• _Exercise details_: Repeat the listing word for word, but skip any pictures.

======== Provided material ========

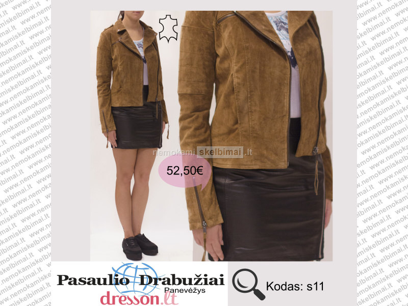 Rudos spalvos, natūralios odos striukė su pamušalu ir kišenėmis šonuose. Ant krūtinės - kišenės imitacija.
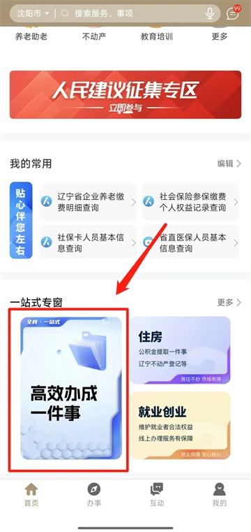 1. 打开“辽事通APP”,向下滑动页面,找到“高效办成一件事”,然后点击进入。
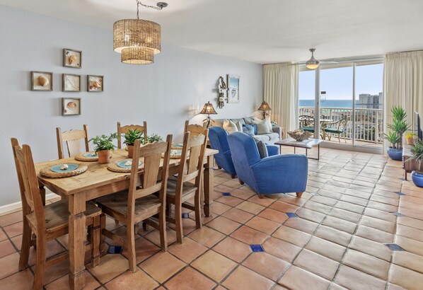 From our private balcony, you'll enjoy the breathtaking views of the Gulf, the serene lake, and even views of the harbor at a distance. We're facing west with front row views of the most amazing emerald coast sunsets. You could be sitting outside sipping your morning coffee or inside, in the kitchen cooking and enjoy the colors of the sun rising and setting, with the radiant lights coming right through the room. It's quite spectacular. From the master bedroom, even if laying down in the bed you'll have nothing but glorious views.

========

• _Exercise result_:
 Rudos spalvos, natūralios odos striukė su pamušalu ir kišenėmis šonuose. Ant krūtinės - kišenės imitacija.
 1. 打开“辽事通APP”,向下滑动页面,找到“高效办成一件事”,然后点击进入。
 From our private balcony, you'll enjoy the breathtaking views of the Gulf, the serene lake, and even views of the harbor at a distance. We're facing west with front row views of the most amazing emerald coast sunsets. You could be sitting outside sipping your morning coffee or inside, in the kitchen cooking and enjoy the colors of the sun rising and setting, with the radiant lights coming right through the room. It's quite spectacular. From the master bedroom, even if laying down in the bed you'll have nothing but glorious views.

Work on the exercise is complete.